START The data
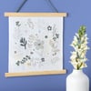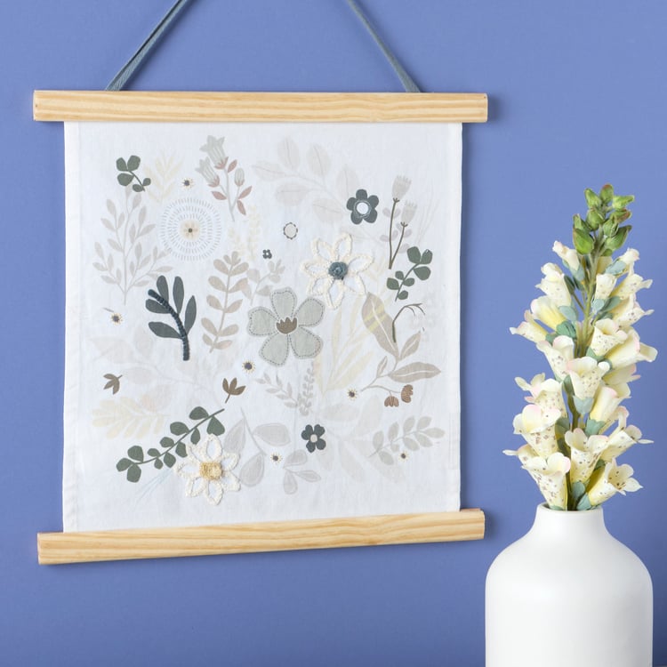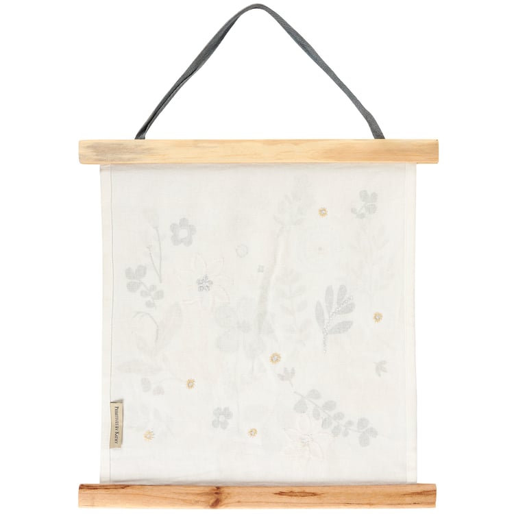 A wall décor piece from our Botanical Collection displaying beige floral designs with embroidered accents on canvas stretched between two wooden borders. Our Beige Florals wall décor is easy to hang for display via attached cotton tape hanger. A rustic floral-themed home accent perfect for everyday display.
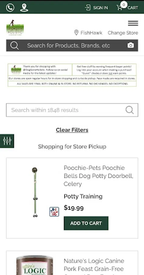 At DogGoneHolistic, we do more than sell top quality pet products. We're here to help you care for your dogs and cats the natural and holistic way! You won't find any foods or treats with corn, wheat, soy or by-product meal. Our pets deserve better. Using our app, pick the DogGoneHolistic store where you would like to pick up your order, then shop and pay online. When you receive the "order is ready" email from us (usually under 30 minutes), stop by to pick up your order. Curbside no-touch pickup available - just call us when you arrive at the store.
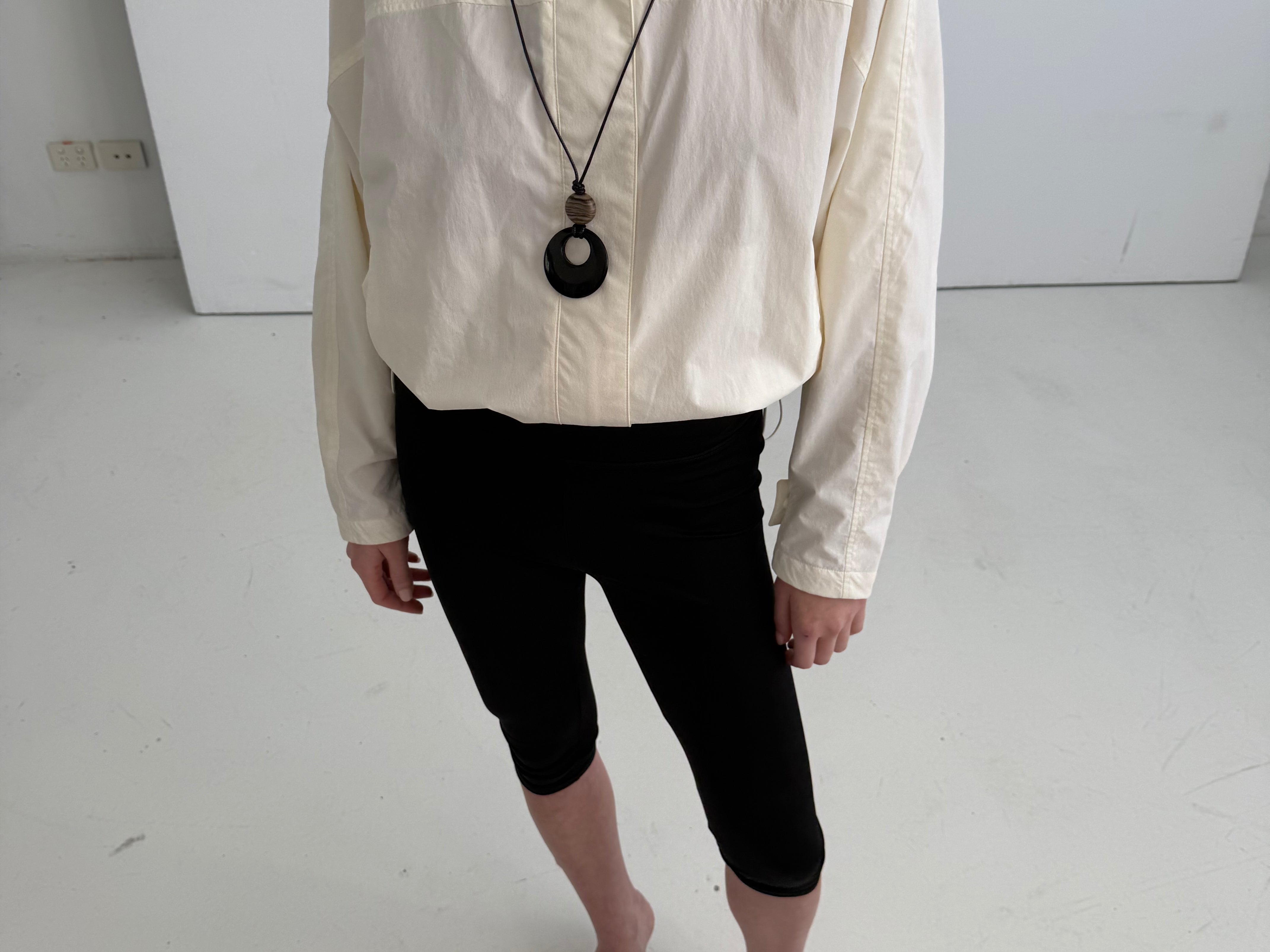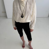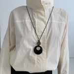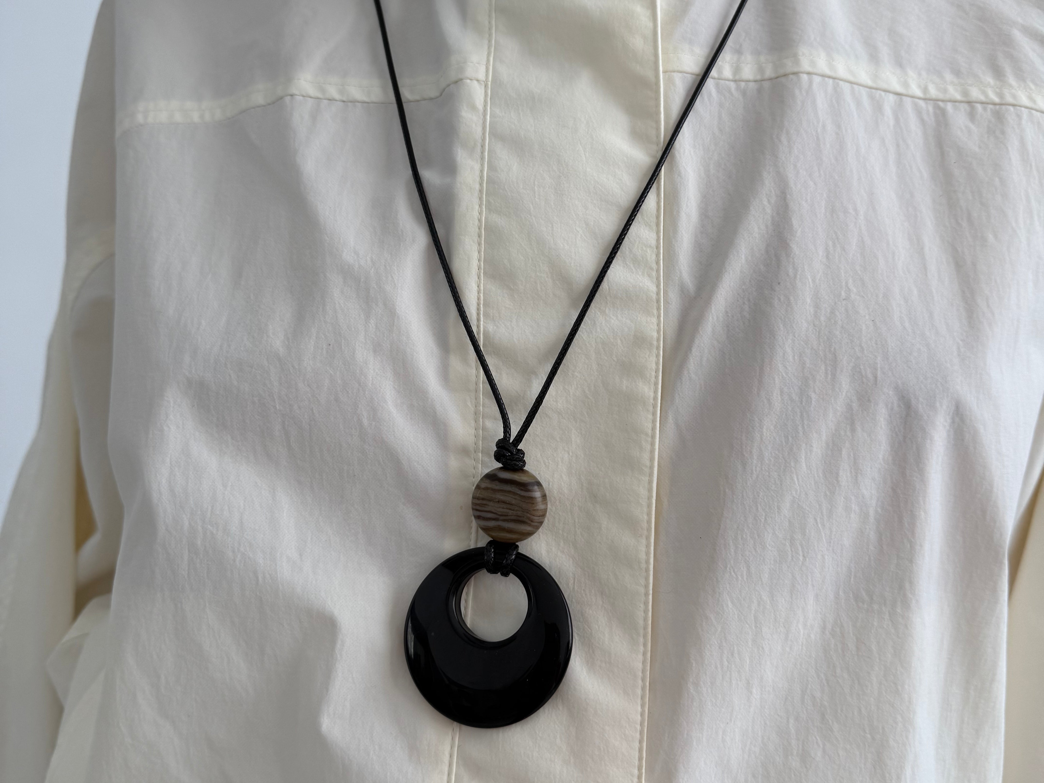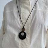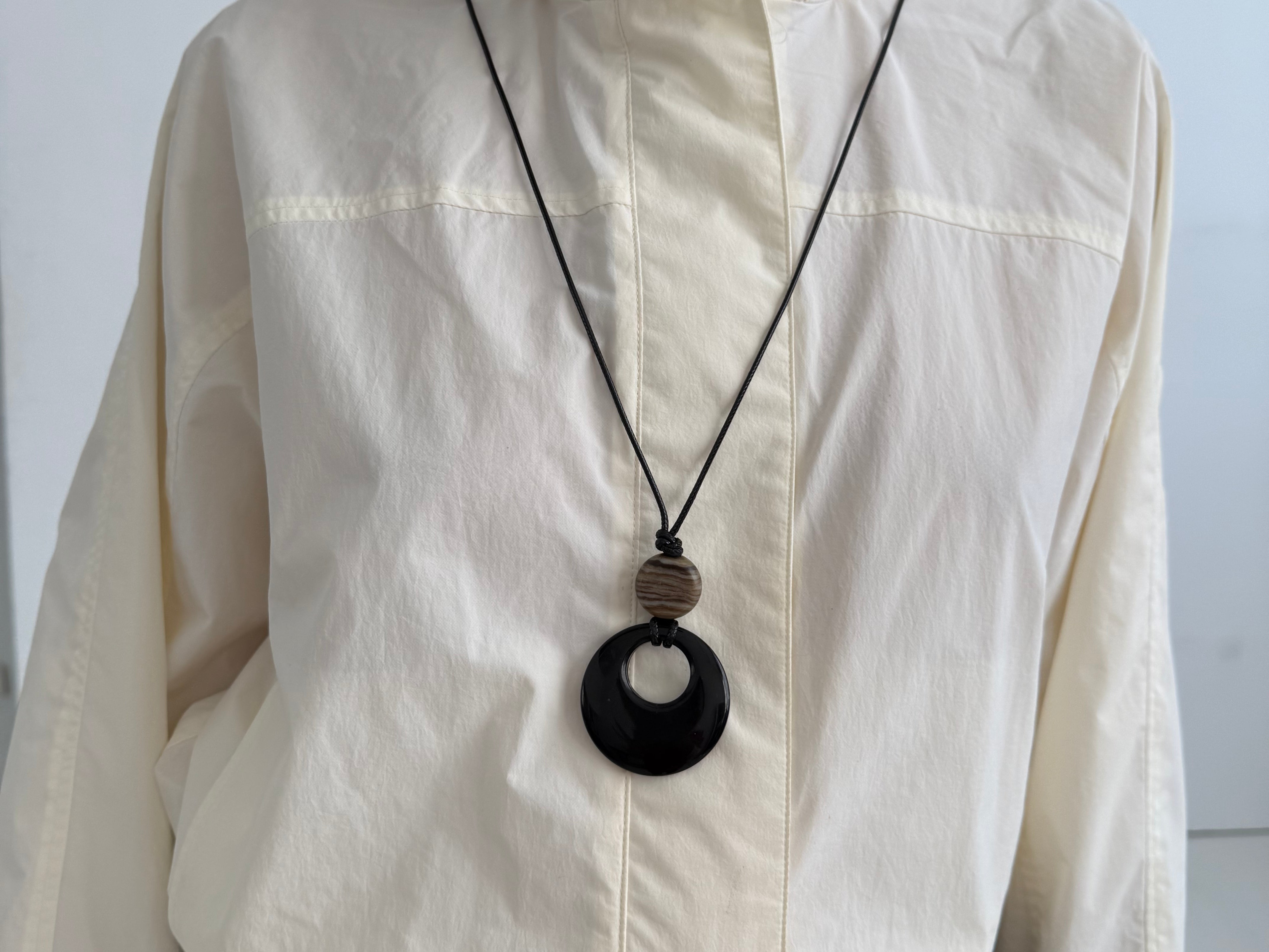 The Ondine Pendant Necklace in Black is a contemporary statement piece that combines natural texture with modern design. Featuring a smooth circular black resin pendant accented with a striped wooden bead, it hangs from an adjustable cord for effortless styling.
END The data
What to do: Transcribe all lines above exactly, skipping pictures.

Task output:
 A wall décor piece from our Botanical Collection displaying beige floral designs with embroidered accents on canvas stretched between two wooden borders. Our Beige Florals wall décor is easy to hang for display via attached cotton tape hanger. A rustic floral-themed home accent perfect for everyday display.
 At DogGoneHolistic, we do more than sell top quality pet products. We're here to help you care for your dogs and cats the natural and holistic way! You won't find any foods or treats with corn, wheat, soy or by-product meal. Our pets deserve better. Using our app, pick the DogGoneHolistic store where you would like to pick up your order, then shop and pay online. When you receive the "order is ready" email from us (usually under 30 minutes), stop by to pick up your order. Curbside no-touch pickup available - just call us when you arrive at the store.
 The Ondine Pendant Necklace in Black is a contemporary statement piece that combines natural texture with modern design. Featuring a smooth circular black resin pendant accented with a striped wooden bead, it hangs from an adjustable cord for effortless styling.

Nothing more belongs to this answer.